Handling Missing Values
By default, value_counts() ignores NaN values. Include them with dropna=False:
import pandas as pd
data = ['A', 'B', None, 'A', None, 'B', 'A']
s = pd.Series(data)
# Default: excludes NaN
print(s.value_counts())
print()
# Include NaN counts
print(s.value_counts(dropna=False))
Output:
A 3
B 2
Name: count, dtype: int64
A 3
B 2
None 2
Name: count, dtype: int64
Percentage Including Missing
import pandas as pd
import numpy as np
df = pd.DataFrame({'Category': ['X', 'Y', np.nan, 'X', np.nan]})

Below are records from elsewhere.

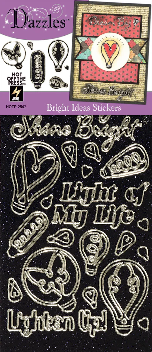 3Pack - Bright Ideas Dazzles! 126 stickers, including light bulb, heart and greeting stickers! You’ll love the look of a heat-embossed image—but all you do is peel and stick! Even better, your Dazzles™ also come packaged with an idea sheet showing a finished card idea, additional ideas for using Dazzles™. Now it’s quick and easy to add dazzle to your projects!
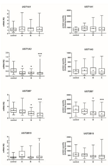Gene expression (left) and protein abundance (right) of UGTs in hepatic tissues stratified according to the Child–Pugh score into stages: A (n = 18), B (n = 31) and C (n = 28). The data are represented as box-plots of the median (horizontal line), 75th (top of box), and 25th (bottom of box) quartiles, the smallest and largest values (whiskers) and mean (+) are shown. mRNA levels of the analyzed genes were expressed as relative amounts to the mean of five housekeeping genes (GAPDH, HMBS, PPIA, RPLP0, RPS9). Statistically significant differences: * p < 0.05, *** p < 0.001 (Kruskal–Wallis test post hoc Dunn’s test with Bonferroni correction) in comparison to the controls.
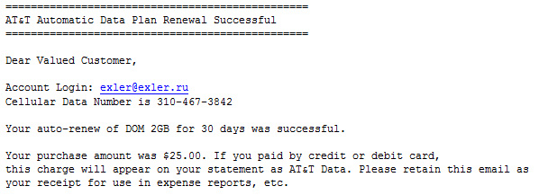 А потом, просматривая папку спама, вдруг совершенно случайно обнаружил вот такое письмо о продлении плана. Они приходили, конечно, просто в спам валились. И там была волшебная ссылка на мой кабинет. Логин-пароль в менеджере не хранились, но в конце концов подошел маленький парольчик в 16 знаков, который я обычно использую в не особенно важных подписках. И случилось чудо - я отписался! Теперь больше не буду кормить AT&T! ("Как бы не разорились теперь ребята", - заметил циничный кот Бублик.)
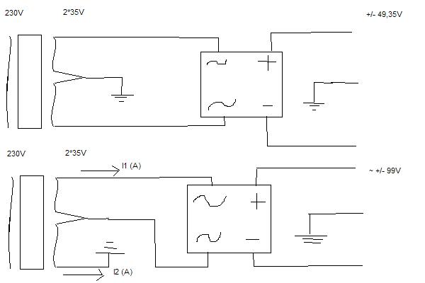 De amúgy nem,de most már tudok egyszeres tápból kétszerets általad Köszönöm!!!nah amit én mondok az ez,amit paint-ben rajzoltam: Nah és az a kérdés,hogy az I1 és I2 mennyire különbözik...mert nem akarom a két tekercset egymáshoz képest "elterhelni"
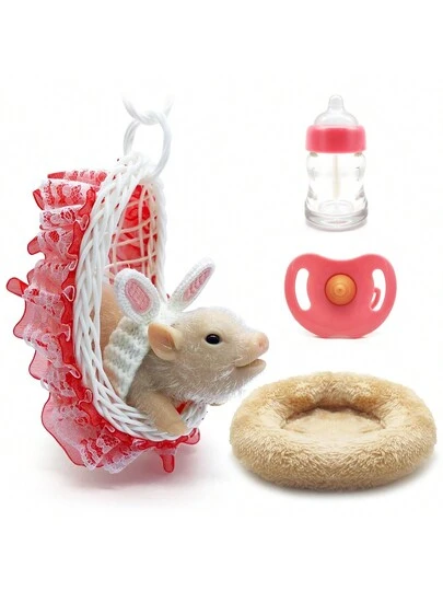 4.7 Inches Silicone Piglet With Basket, Soft Mini Realistic Piglet Include Amazing Piglet Accessories For Kids Boy Girl Birthday - Multicolor - View 1
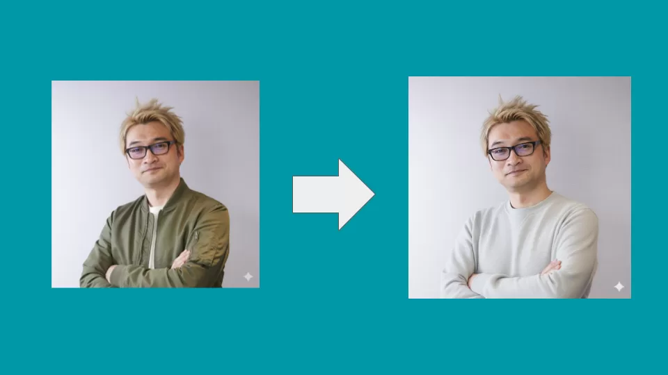 次に「ジャケットを脱いでトレーナーを着せて」と指示をだしました。今の時代「トレーナー」とはいわず「スウェット」という表現がいいのでしょうが、あえて「トレーナー」として指示をだしました。
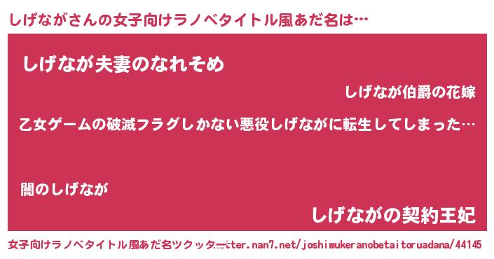 しげながさんの女子向けラノベタイトル風あだ名は… 『乙女ゲームの破滅フラグしかない悪役しげながに転生してしまった…』『しげなが夫妻のなれそめ』『しげながの契約王妃』 ツクッター #女子向けラノベタイトル風あだ名ツクッター http://tkutter.nan7.net/joshimukeranobetaitoruadana/44145/
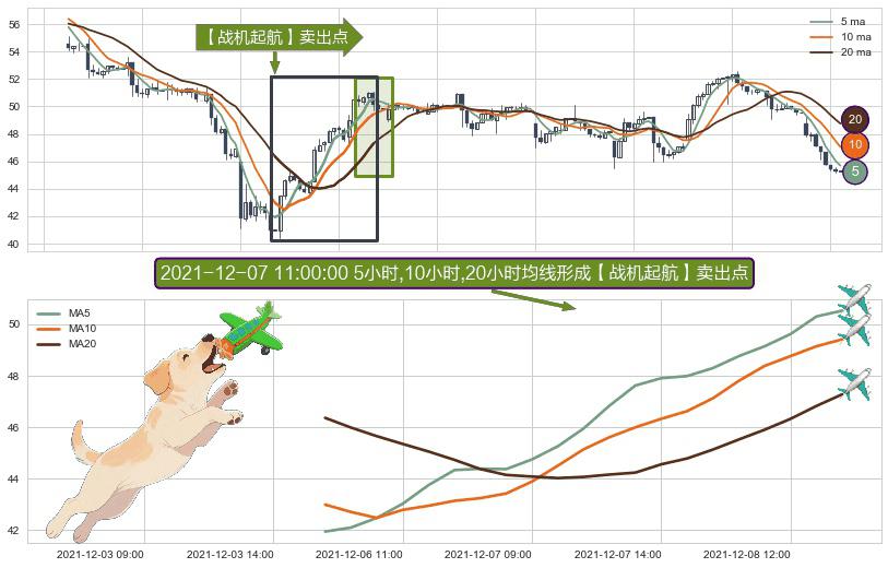 形态多维评估: ⚀ 2021-12-03 16:00:00小时-2021-12-08 14:00:00小时显现 5小时-10小时-20小时均线 【战机起航】卖出点 看空信号,后市看跌,卖出

# What percentage of data is missing?
pct_with_na = df['Category'].value_counts(normalize=True, dropna=False)
print(pct_with_na)
Output:
Category
X 0.4
NaN 0.4
Y 0.2
Name: proportion, dtype: float64
Binning Numeric Data
For continuous data, use bins to create frequency distributions:
import pandas as pd
ages = pd.Series([22, 35, 45, 23, 38, 52, 28, 41, 55, 33])
# Create age groups
age_counts = ages.value_counts(bins=3, sort=False)
print(age_counts)
Output:
(21.965999999999998, 33.0] 4
(33.0, 44.0] 3
(44.0, 55.0] 3
Name: count, dtype: int64
Custom Bins
import pandas as pd
scores = pd.Series([45, 67, 82, 91, 73, 55, 88, 76, 62, 95])
# Define grade boundaries
bins = [0, 60, 70, 80, 90, 100]
labels = ['F', 'D', 'C', 'B', 'A']
grades = pd.cut(scores, bins=bins, labels=labels)

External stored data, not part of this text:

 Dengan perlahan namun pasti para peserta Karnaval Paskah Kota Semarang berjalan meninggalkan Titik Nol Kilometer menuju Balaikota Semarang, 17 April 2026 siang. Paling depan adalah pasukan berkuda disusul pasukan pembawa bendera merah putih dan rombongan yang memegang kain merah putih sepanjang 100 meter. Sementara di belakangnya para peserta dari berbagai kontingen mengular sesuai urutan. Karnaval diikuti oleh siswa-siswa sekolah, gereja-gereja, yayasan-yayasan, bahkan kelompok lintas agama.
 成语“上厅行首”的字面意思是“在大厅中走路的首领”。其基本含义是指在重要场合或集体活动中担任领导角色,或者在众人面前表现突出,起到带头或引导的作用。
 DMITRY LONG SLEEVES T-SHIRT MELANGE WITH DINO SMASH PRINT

print(grades.value_counts().sort_index())
Output:
F 2
D 2
C 2
B 2
A 2
Name: count, dtype: int64
Both Counts and Percentages Together
Create a summary DataFrame with both metrics:
import pandas as pd
df = pd.DataFrame({
'Product': ['A', 'B', 'A', 'C', 'B', 'A', 'A', 'C', 'B', 'A']
})
counts = df['Product'].value_counts()
percentages = df['Product'].value_counts(normalize=True) * 100
summary = pd.DataFrame({
'Count': counts,
'Percentage': percentages.round(1)
})
print(summary)
Output:
Count Percentage
Product
A 5 50.0
B 3 30.0
C 2 20.0
Cross-Tabulation for Multiple Columns
Compare frequencies across two categorical variables:
import pandas as pd
df = pd.DataFrame({
'Gender': ['M', 'F', 'M', 'F', 'M', 'F', 'M', 'M'],
'Status': ['Pass', 'Pass', 'Fail', 'Pass', 'Pass', 'Fail', 'Pass', 'Fail']
})
# Count combinations
print(pd.crosstab(df['Gender'], df['Status']))
print()
# With percentages (normalize by row)
print(pd.crosstab(df['Gender'], df['Status'], normalize='index').round(2))
Output:
Status Fail Pass
Gender
F 1 2
M 2 3
Status Fail Pass
Gender
F 0.33 0.67
M 0.40 0.60
Practical Example: Survey Analysis
import pandas as pd
# Survey responses
survey = pd.DataFrame({
'Satisfaction': ['Very Happy', 'Happy', 'Neutral', 'Happy',
'Unhappy', 'Very Happy', 'Happy', 'Neutral',
'Happy', 'Very Happy']
})
# Order matters for satisfaction levels
order = ['Very Happy', 'Happy', 'Neutral', 'Unhappy', 'Very Unhappy']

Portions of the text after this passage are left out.